Mississippi Code 1942 Annotated section 2044 (1956), defining the crime of possession of burglary tools, reads as follows:

"It is unlawful for any person to have in his possession implements, tools, or instruments designed to aid in the commission of burglary, larceny or robbery; and on the conviction of any person thereof, he shall be punished by imprisonment in the penitentiary not exceeding five (5) years, or in the county jail not exceeding one year. The carrying concealed about one's person, or in one's baggage, implements, tools, or instruments peculiarly adapted to aid in the commission of burglary, larceny or robbery, shall be prima facie evidence of intention to use them for such purpose."

The officers saw, out of the sack in the car, a bolt cutter (as heretofore shown the lock on the door of the store had been cut and had fallen to the steps), a short pry bar about a foot long, a long crowbar, several hammers, and other crowbars, together with "a wire-looking thing" which officer Fountain testified was what is commonly called a "burglar alarm jumper" and he described how it was used to circumvent the "setting off" of a burglar alarm.

When asked on cross-examination if this instrument might be used for other purposes, the witness was not sure. When asked if it could be connected with the taillight of a car and connected with a trailer so as to put current to the trailer, he "supposed" it could and stated: "If a fellow had a need for it, I guess he could."

Lt. Howard described this same instrument as a "burglar alarm jumper cable" and did not know of any other purpose for which it might be used.

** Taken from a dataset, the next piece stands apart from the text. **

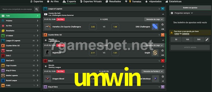 O umwin oferece uma grande seleção de opções de apostas em e-sports com probabilidades competitivas

He didn't believe it would operate between a car and trailer, without a ground wire. He was asked, "I asked you if you knew that's the only thing it is used for?" (jumping burglar alarms), and he answered, "Yes, sir."

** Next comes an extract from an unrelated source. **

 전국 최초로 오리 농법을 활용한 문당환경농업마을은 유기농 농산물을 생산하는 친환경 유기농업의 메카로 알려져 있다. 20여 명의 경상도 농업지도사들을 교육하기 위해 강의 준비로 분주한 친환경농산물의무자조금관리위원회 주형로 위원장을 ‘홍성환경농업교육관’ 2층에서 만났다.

In Fuqua v. State, supra, in discussing articles within our statute, this Court held:

"* * * It is not necessary that the tool or article be designed and made solely for use as a burglar's tool. It may be designed for a lawful use and still be a burglar's tool. The other items, such as lights, kid gloves and wrenches, were shown by the proof to be useful adjuncts to burglar's tools, and as such became burglar's tools since all of the circumstances shown by the evidence justified a finding that they were possessed for the unlawful purpose of committing the *257 crimes named in the statute. The statute does not denounce as unlawful the possession of any particular implements, tools, or instruments. The possession of a particular article, or combination of articles, may or may not be unlawful under the statute, depending on whether the evidence reveals circumstances from which it may be inferred beyond a reasonable doubt that the possessor intended that he or some other person use the article or articles in aid of burglary or other similar crime. The Mississippi statute does not refer to a specific felonious intent, but a felonious intent must be proven. The State is not required to prove a specific intent to commit a particular crime; but it is sufficient if the circumstances justify the inference that the article or articles were possessed for such criminal purpose. Thus, a general intent is sufficient." 246 Miss. at 199-200, 145 So. 2d at 154-55.

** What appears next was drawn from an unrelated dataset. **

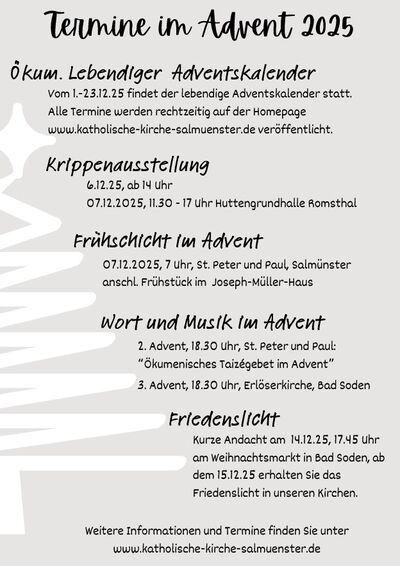 immer um 16.30 Uhr in St. Peter und Paul, Salmünster.

The burglar alarm jumper was peculiarly adapted to aid in the commission of burglary, and the jury was justified under all the evidence in finding that the other tools, including the bolt cutter, were designed to aid therein.

The other question raised by appellant is on the argument of counsel, objection to which was preserved by a bill of exception. There were several of these objections. Some objections were sustained, and some were overruled. We have carefully considered the matters objected to and, in view of the proof, we cannot say, and we do not believe, that such statements (although some of them showed perhaps more enthusiasm on the part of the district attorney than should have been exhibited) were harmful and resulted in prejudice to the defendant. We are, therefore, affirming the case.